----- "Grant McWilliams" grantmasterflash@gmail.com wrote:
He had a two drive RAID 1 drives and at least one of them failed but he didn't have any notification software set up to let him know that it had failed. And since that's the case he didn't know if both drives had failed or not. I wonder why he things software RAID would be a) more reliable b) fix itself magically without telling him. He never did say if he was able to use the second disk. I have 75 machines with 3ware controllers and on the very rare occasion that a controller fails you plug in another one and boot up.
I have a pile of various RAID controllers from 3ware, Promise, LSI, the utter garbage that older PERCs were, etc. that have pissed me off by randomly dropping disks, not rebuilding or detecting its own disks, hanging, etc. and very importantly, not allowing me to move disks between machines. That being said, I still have two 3ware cards and some LSI that are fine, but most of my arrays are software. Anecdotal evidence aside, unless you know what kind of performance you need, you have usage metrics, and you know how to benchmark properly, you probably don't need the risk and marginal performance improvement of some extra hardware.
(This was originally about fakeraid, wasn't it?)
I don't use software RAID in any sort of production environment unless it's RAID 0 and I don't care about the data at all. I've also tested the speed between Hardware and Software RAID 5 and no matter how many CPUs you throw at it the hardware will win.
I don't allow RAID 5, so the increased checksum processing performance doesn't have any bearing on my choices. :)
Even in the case when a 3ware RAID controller only has one drive plugged in it will beat a single drive plugged into the motherboard if applications are requesting dissimilar data.

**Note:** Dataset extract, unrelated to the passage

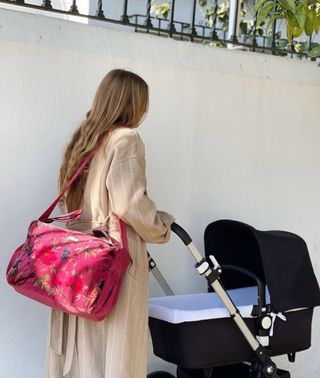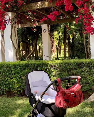 Bolso y colchoneta de la marca Pasito a Pasito con un bonito estampado floral.
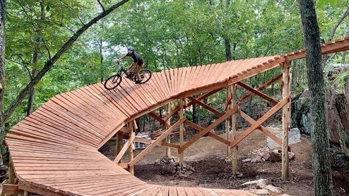 We are all crossing our fingers that some progressive Mt Bike trail options will be incorporated into the RTMP, maybe even a wooden feature or two. This Corkscrew at Shepard Mountain Bike Park, in Ironton Missouri would be pretty rad.

One stream from an MD0 RAID 0 will be as fast as one stream from a Hardware RAID 0. Multiple streams of dissimilar data will be much faster on the Hardware RAID controller due to controller caching.
True. That probably falls under be the aforementioned "need". :) You can't beat the performance of a cache, although the Linux filesystem cache will perform reasonably well. If you're using something like an ACID compliant DB, you'll want the battery backed hardware cache for any sizable amount of I/O. Discussing performance without discussing benchmark methodology is annoying and often useless, but if you want to go down that route...
(Also, your use case is contrary to your storage design. You would use RAID 0 for serial access and something parallel for random access. Yes, a Ford Explorer doesn't hug corners at 120 mph.)